This is a meal, and we know that we are to wash up for meals. It is the same with this sacramental meal as it is with any meal. Before you eat, you wash up. That is just what you do.
We understand this by how we place our time of confession at the beginning of the service and the meal at the end of it. We wash up first, and then we eat.
But we want to make sure we truly understand how this “washing up” actually works. When the Lord instituted the Supper, this is one of the things He taught on. When the Lord had come to wash Peter’s feet, Peter naturally objected. It was not fitting that the Lord take the position of a slave. After a brief exchange, the Lord said this: “He that is washed needeth not save to wash his feet, but is clean every whit: and ye are clean, but not all. For he knew who should betray him; therefore said he, Ye are not all clean” (John 13:10–11).

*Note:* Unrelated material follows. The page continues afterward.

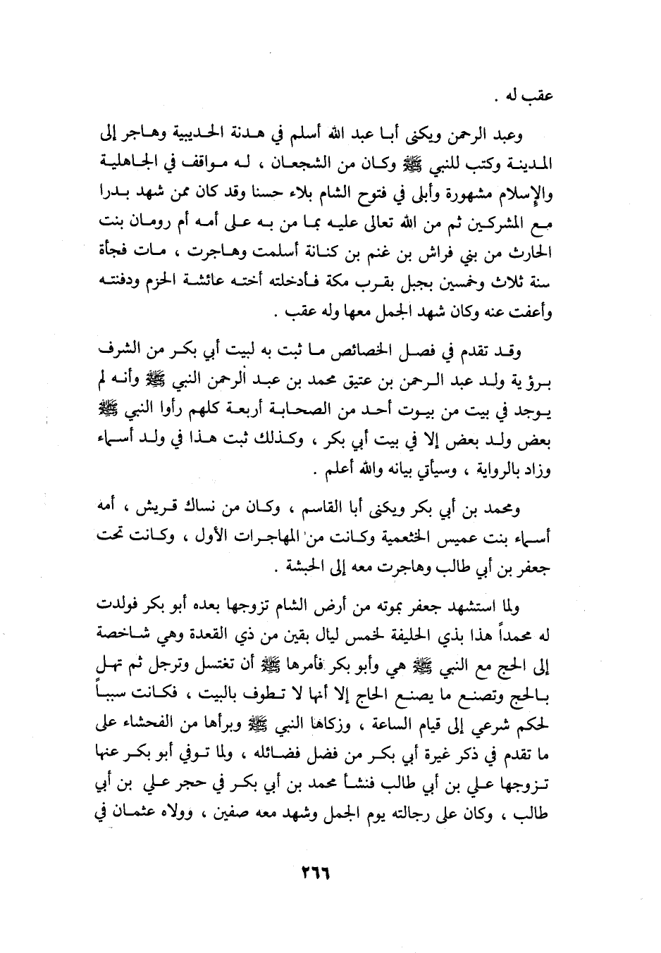 وقد تقدم في فصل الخصائص ما ثبت به لبيت أبي بكر من الشرف, برؤية ولد عبد الرحمن بن عتيق محمد بن عبد الرحمن النبي -صلى الله عليه وسلم- وأنه لم يوجد في بيت من بيوت أحد من الصحابة أربعة كلهم رأوا النبي -صلى الله عليه وسلم- بعضهم ولد بعض إلا في بيت أبي بكر, وكذلك ثبت هذا في ولد أسماء وزاد بالرواية وسيأتي بيانه والله أعلم.
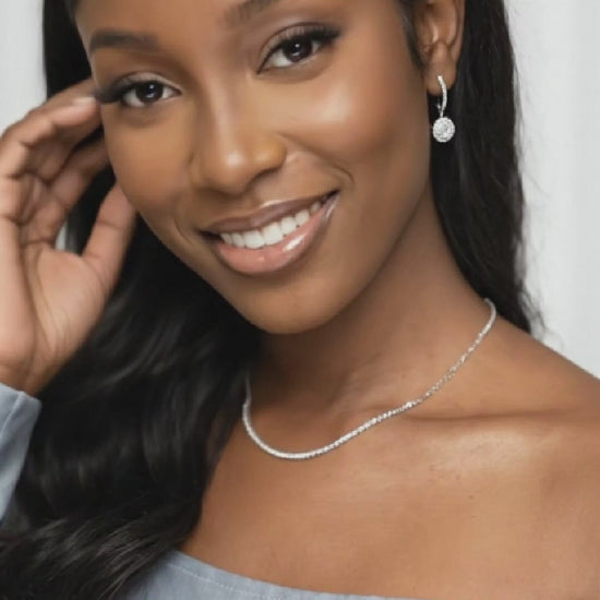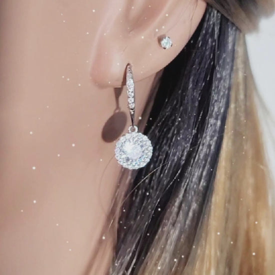 PRISCILLA White CZ Diamond Halo Round Drop Earrings in Rhodium Over Sterling Silver

Jesus has not yet washed Peter’s feet, but He says that Peter was already clean (and the others also, Judas only excepted). This clearly means that the foot-washing was a metaphor for what might be called the incidental cleansing of sanctification, and not the foundational cleansing of justification. Judas was wrong at the root, but the others were true followers of Christ.
Peter and the others were clean, the Lord said. He said this, despite knowing and predicting that they would all be scattered shortly. Peter’s betrayal is just hours in the future . . . and yet he was declared to be clean.
When you confess your sins at the beginning of the service, you are not accomplishing the actual cleansing that is necessary. You are rather testifying to the fact that you know that Christ is the only one who cleanses. And you, having been justified by faith alone, have been declared clean.
So come, and welcome, to Jesus Christ.